BEST PAPER AWARD: CORE-GPT: Combining Open Access research and large language models for credible, trustworthy question answering. • (full) David Pride (The Open University); Matteo Cancellieri (The Open University); Petr Knoth (Knowledge Media institute, The Open University)
BEST STUDENT PAPER AWARD: How to Cite a Web Ranking and Make it FAIR • (full) Alessandro Lotta (University of Padua); Gianmaria Silvello (University of Padova)
The International Conference on Theory and Practice of Digital Libraries (TPDL) is a yearly date for researchers on Digital Libraries and related topics. For over twenty-five years TPDL has been an international reference forum focused on digital libraries and associated technical, practical, and social issues. TPDL encompasses the many meanings of the term “digital libraries”, including new forms of information institutions; operational information systems with all manner of digital content; new means of selecting, collecting, organizing, and distributing digital content; and theoretical models of information media, including document genres and electronic publishing. Digital libraries may be viewed as a new form of information institution or as an extension of the services libraries currently provide. Representatives from academia, government, industry, research communities, research infrastructures, and others are invited to participate in this annual conference. The conference draws from a broad and multidisciplinary array of research areas including computer science, information science, librarianship, archival science and practice, museum studies and practice, technology, social sciences, cultural heritage and humanities, and scientific communities. This year its focus is on bridging the wide field of Research and Information Science with the related field of Digital Libraries. Indeed, TPDL historically approached on “Digital libraries” embracing the field at large also comprehending three key areas of interest that can be synthesized as scholarly communication (e.g. research data, research software, digital experiments, digital libraries), e-science/computationally-intense research (e.g. scientific workflows, Virtual Research Environments, reproducibility) and library, archive and information science (e.g. governance, policies, open access, open science). This emphasises TPDL’s role over the last 25 years as a forum that brings together researchers and practitioners whose work intersects with Digital Libraries. Regardless of how your work connects with Digital Libraries, we invite you to participate.

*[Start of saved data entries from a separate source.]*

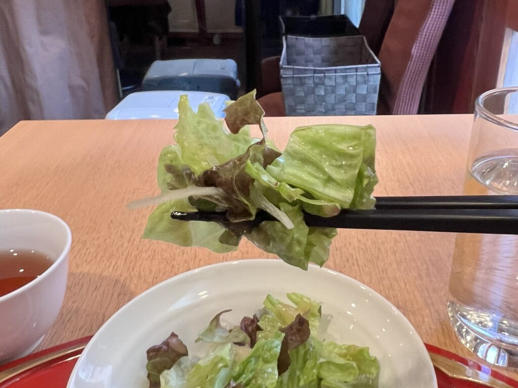 サラダは爽やかな酸味のドレッシングで、合間にちょうどいい箸休め。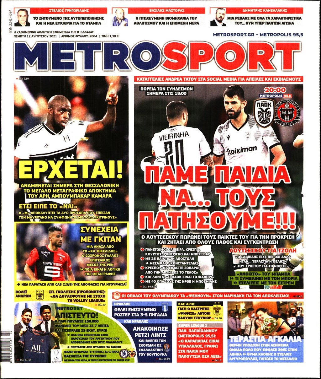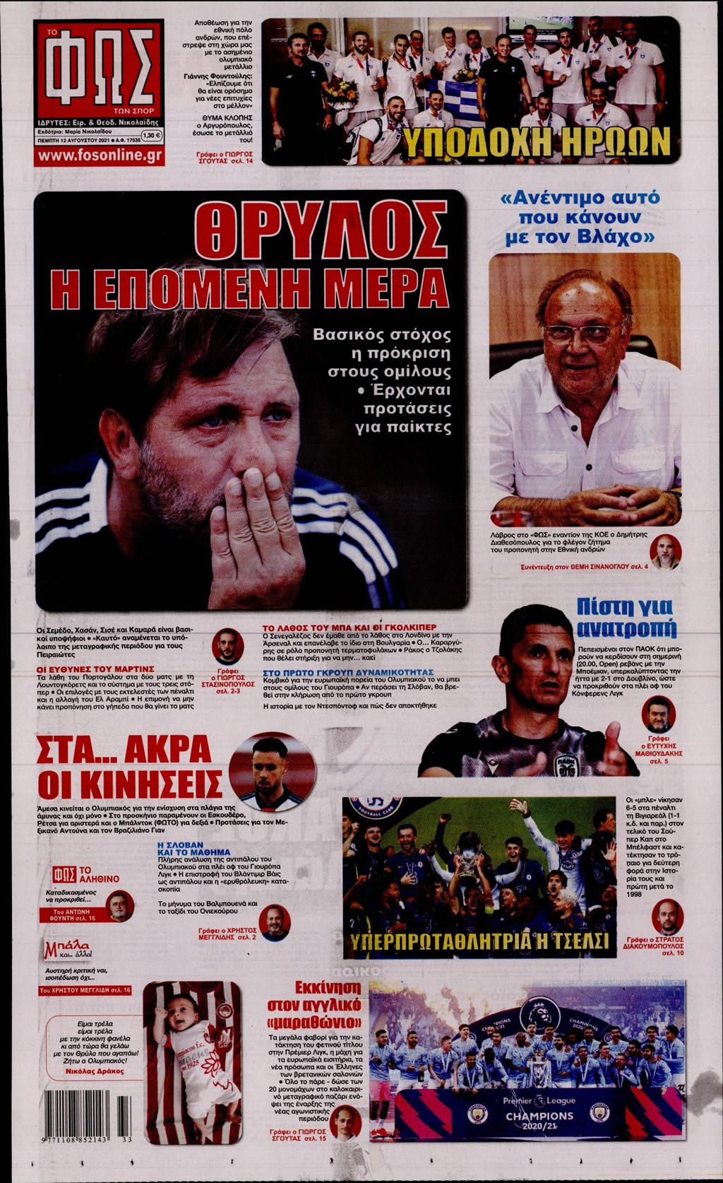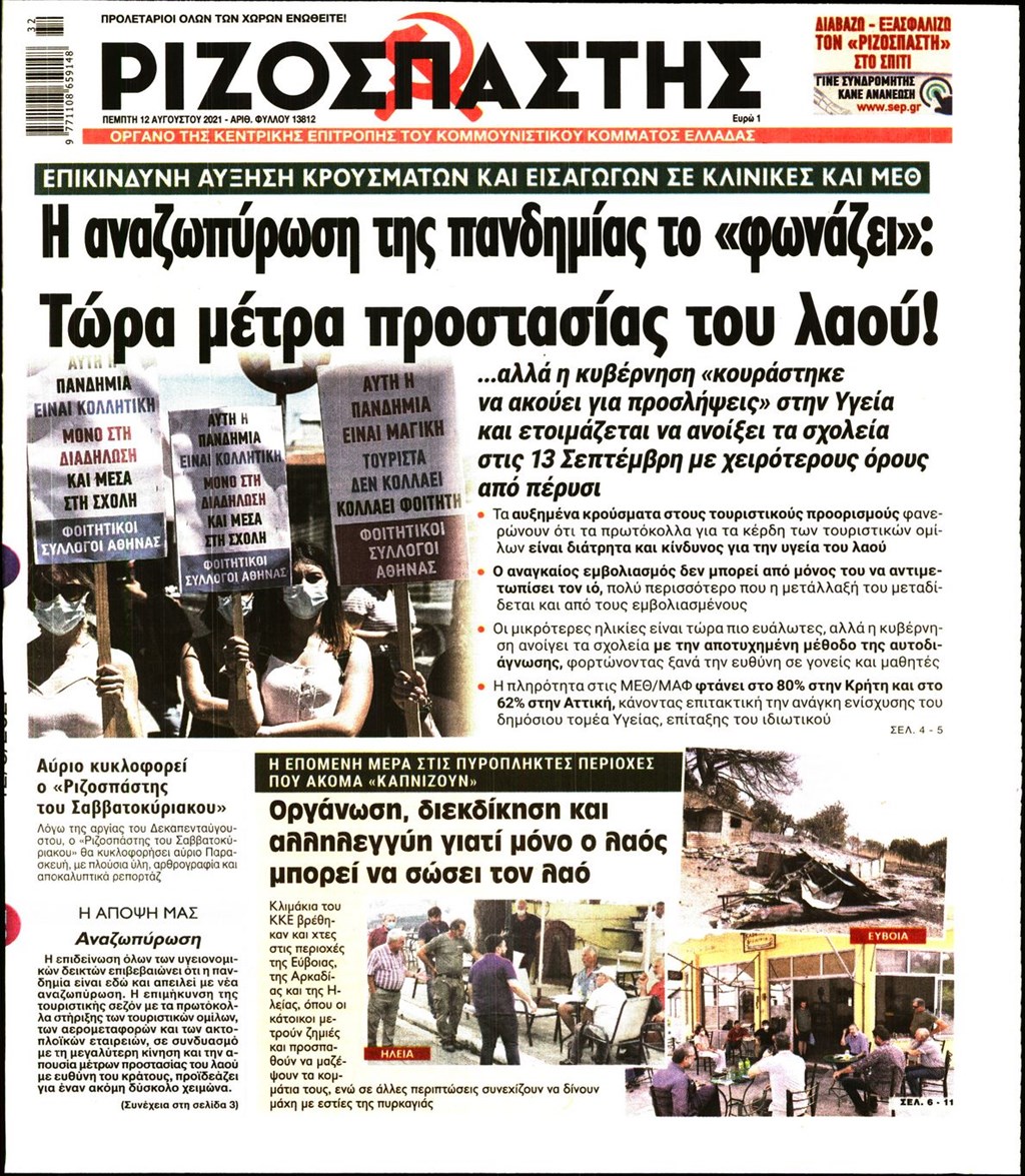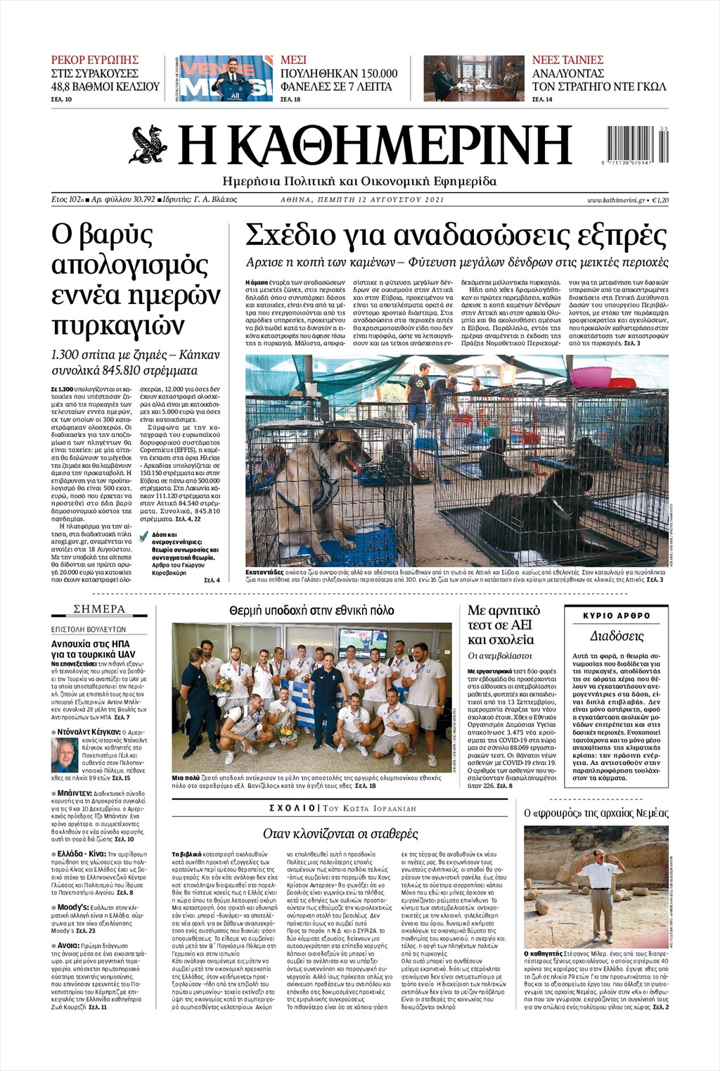 Τα πρωτοσέλιδα των εφημερίδων 12 Αυγούστου
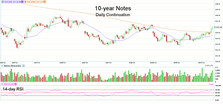 Looking at the daily chart for June 10-year Note futures, we notice what may be an upside breakout from the two month long consolidation pattern where prices were holding within a 2-point range. The recent price rally is adding confirmation to the rounded-bottom formation that appears on the daily chart. Prices are above both the 20 and 200-day moving averages and the 14-day RSI is strong, having just nudged above 70 with a current reading of 72.03. 126-16.0 is seen as the next resistance level for the front month 10-year Note futures, with support found at 123-16.0.

The conference is organized in two tracks:
CWI - Centrum Wiskunde & Informatica (Amsterdam)
Responsible AI & GLAM: challenges and opportunities
27 September 2023
AI is being used in the GLAM sector for a wide range of tasks such as recommendation, classification, tagging, handwriting recognition, OCR, etc. While the benefits of AI for the sector are clearly visible, there are also valid concerns regarding fairness and bias. Responsible AI is a hot topic in the AI research community, resulting in a large number of fairness metrics and bias mitigation strategies. This keynote will address the specific opportunities and challenges that arise when aiming for Responsible AI in the GLAM sector. Firstly, we will discus differences in fairness goals between the GLAM sector and other sectors. Secondly, we show how the availability of data - or lack thereof - has largely determined the research directions in the field of Responsible AI. Data curation as done in GLAM may be a way forward. Finally, in the GLAM sector, bias may be engrained in collections and/or metadata. An example from the Dutch GLAM sector is the colonial perspective often found in historic collections. This type of bias is hard to address. We show how the AI and GLAM communities may collaborate to measure and mitigate this type of bias.
University of Edinburgh
AI language technologies and digital collections: the need for interdisciplinary communication and co-design
28 September 2023
How can we invite AI into the archive? The majority of language technology development in my group is highly interdisciplinary working directly with domain experts and users. This keynote will showcase two Digital Humanities research projects in which we used natural language processing for conducting Scottish Gaelic handwriting recognition of written descriptions of a sound archive and for detecting bias in an archival catalogue. Both projects have specifically focussed on the data creation and digitisation processes or on the product and presentation of collection documentation. AI should be invited into the archives as it can be extremely useful to make advancements in these areas. However, continuous conversation and co-design between computer scientists, archivists, cataloguers and language experts are required to succeed in this work. I will provide some insights into the successes and challenges we faced in our work, and what is needed to create AI language technologies that can work with the uncertainties and complexities of heritage datasets.